Summary judgment is appropriate "if the movant shows that there is no genuine dispute as to any material fact and the movant is entitled to judgment as a matter of law." Fed. R. Civ. P. 56(a). "'An issue of fact is genuine if the evidence is such that a reasonable jury could return a verdict for the nonmoving party. A fact is material if it might affect the outcome of the suit under the governing law.'" Fincher v. Depository Trust & Clearing Corp., 604 F.3d 712, 720 (2d Cir. 2010) (quoting Roe v. City of Waterbury, 542 F.3d 31, 35 (2d Cir. 2008)).

The moving party bears the burden of establishing the absence of any genuine issue of material fact. Celotex Corp. v. Catrett, 477 U.S. 317, 322, 106 S. Ct. 2548, 91 L. Ed. 2d 265 (1986). When the burden of proof at trial would fall on the nonmoving party, it ordinarily is sufficient for the movant to point to a lack of evidence to go to the trier of fact on an essential element of the nonmovant's claim.
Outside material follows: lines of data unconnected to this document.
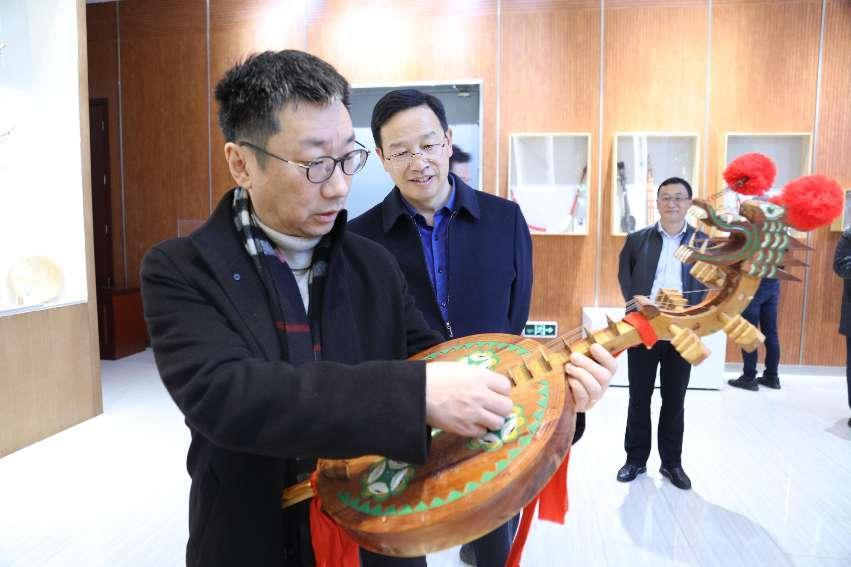 李心草一行还参观了音乐舞蹈学院中国——南亚东南亚国家非遗音乐舞蹈教育资源数字化陈列馆,对未来两校通过乐器陈列馆联合开展科研项目进行初步商讨。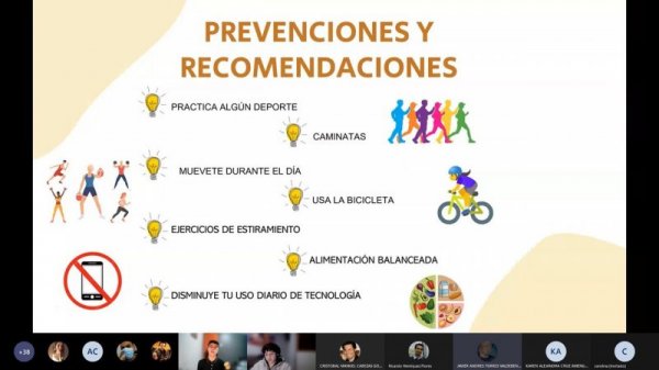 Como parte del proyecto de Vinculación con el Medio adjudicado por las carreras de Kinesiología y Nutrición y Dietética, el pasado jueves 1 de julio se llevó a cabo el taller educativo de estilos de vida saludable contextualizados en pandemia. Esta actividad contó con la participación de cerca de 40 estudiantes de ambas carreras, los cuales expusieron recomendaciones relacionadas a la adopción de estilos de vida saludables, en contextos de pandemia, a familias de la Escuela Caminito de la comuna de El Bosque.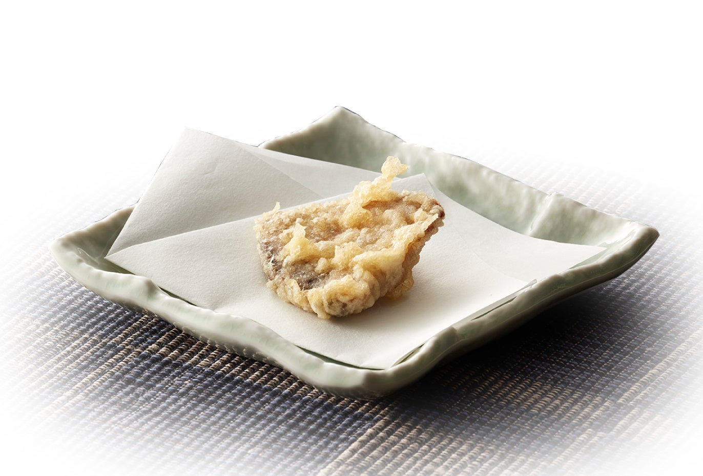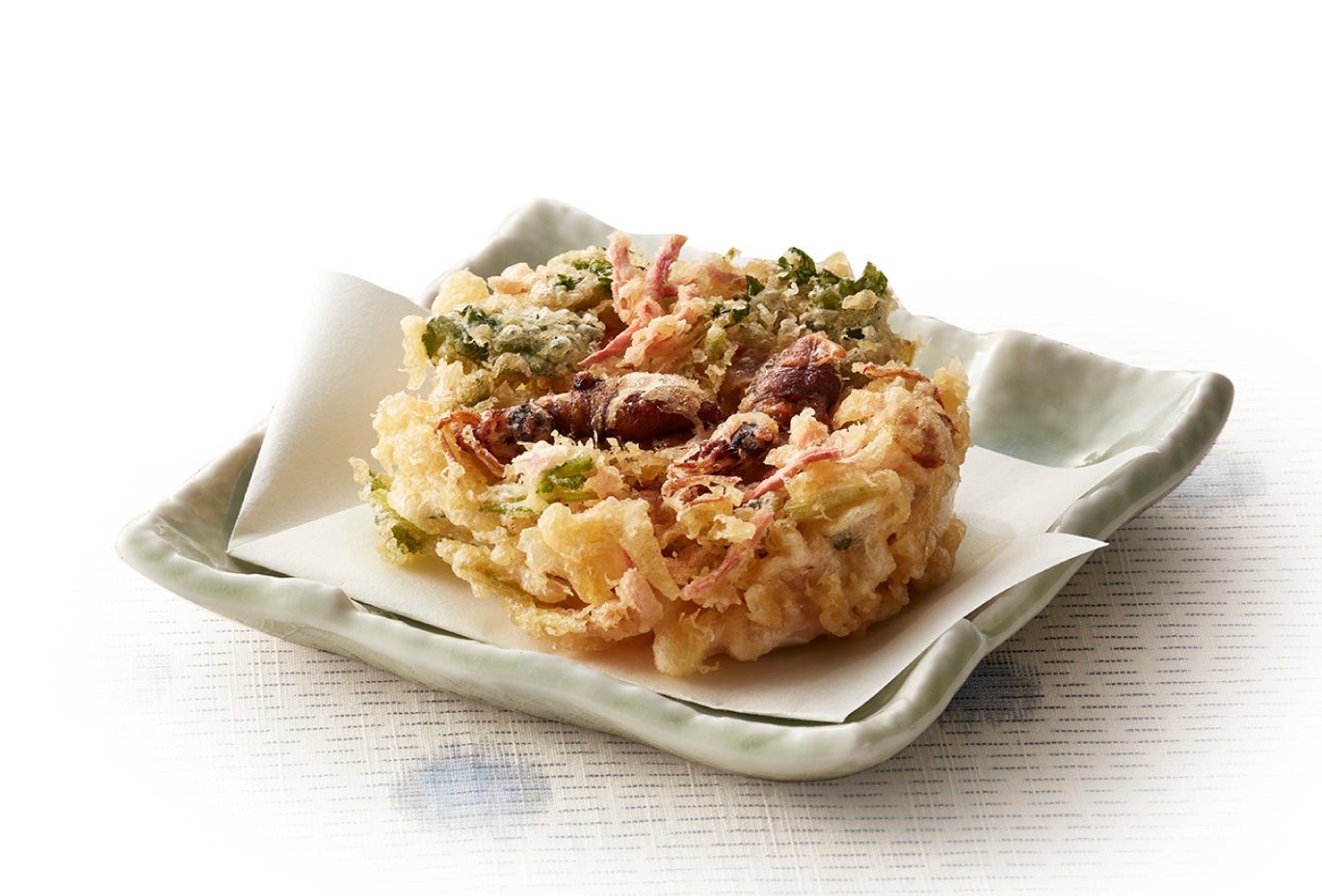 てんやでは、この小ぶりなサイズを活かして、旨みのつまった「かき揚げ」と小鉢に仕上げました。

Id. at 322-23. To defeat a motion for summary judgment, the non-moving party "'must do more than simply show that there is some metaphysical doubt as to the material facts,'" Brown v. Eli Lilly & Co., 654 F.3d 347, 358 (2d Cir. 2011) (quoting Matsushita Elec. Indus. Co. v. Zenith Radio Corp., 475 U.S. 574, 586-87, 106 S. Ct. 1348, 89 L. Ed. 2d 538 (1986)), and cannot "'rely on conclusory allegations or unsubstantiated speculation.'" Id. (quoting Fed. Deposit Ins. Corp. v. Great Am. Ins. Co., 607 F.3d 288, 292 (2d Cir. 2010)).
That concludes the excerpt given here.